The Information Technology Industry Council (ITIC) on Thursday objected to weakening encryption used on smartphones, even as some officials in Washington favor doing so.
"After a horrific tragedy like the Paris attacks, we naturally search for solutions: weakening encryption is not a solution," said Dean Garfield, president of ITIC, in a statement provided to Reuters late Thursday.
The ITIC represents 63 major tech firms, includingApple, Google and Microsoft.
Some experts and lawmakers have said Apple and Google, especially, should find ways to provide decryption keys for recent iPhones and Android phones that provide disk-level encryption. Those calls have grown louder in the wake of last week's terrorist attacks in Paris.

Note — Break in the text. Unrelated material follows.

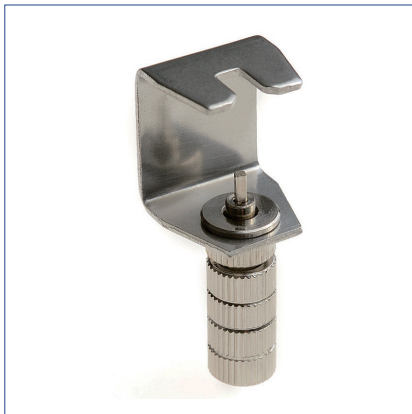
Dental Wrench Key For High Speed Handpiece Burs Changing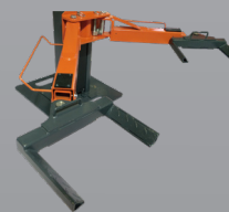
Tyre Holder Adapter

Apple has been especially defensive about that feature as a way to protect user privacy, noting a year ago that the decryption keys are only kept on a user's iPhone, out of the company's reach. That feature means that Apple would have to restructure how iOS works, not merely share keys that it has no access to.
Both Apple and Google have not commented on their views since the Paris attacks by ISIS that killed 129 people. Some companies have moved in recent days to shut down ISIS' online access to encrypted channels.
Members of the U.S. Senate Intelligence Committee have urged tech companies to help find ways to work around encrypted messages used by terrorists. Some officials, including FBI Director James Comey, have suggested updating the 1994 Communications Assistance for Law Enforcement Act (CALEA) to allow surveillance of new technologies such as email, Internet messages and social networking sites with a warrant from a judge.
It remains unclear how a CALEA update would allow the breaking of encryption on smartphones and in smartphone encryption apps.
The leaders of the Intelligence Committee have called for hearings and possible legislation. Former Defense Secretary Robert Gates on Thursday urged Congress and President Obama to ask the National Security Agency for insights on "adding capabilities in tracking potential terror plots" and said that Obama needs to have a "heart-to-heart talk" with tech companies to seek their help in working around encryption.
Even though official pressure is mounting, some privacy advocates have termed the renewed call to weaken encryption a smokescreen that could lessen privacy. Officials have not confirmed that encryption thwarted the tracking of ISIS members prior to the Paris attacks, they noted.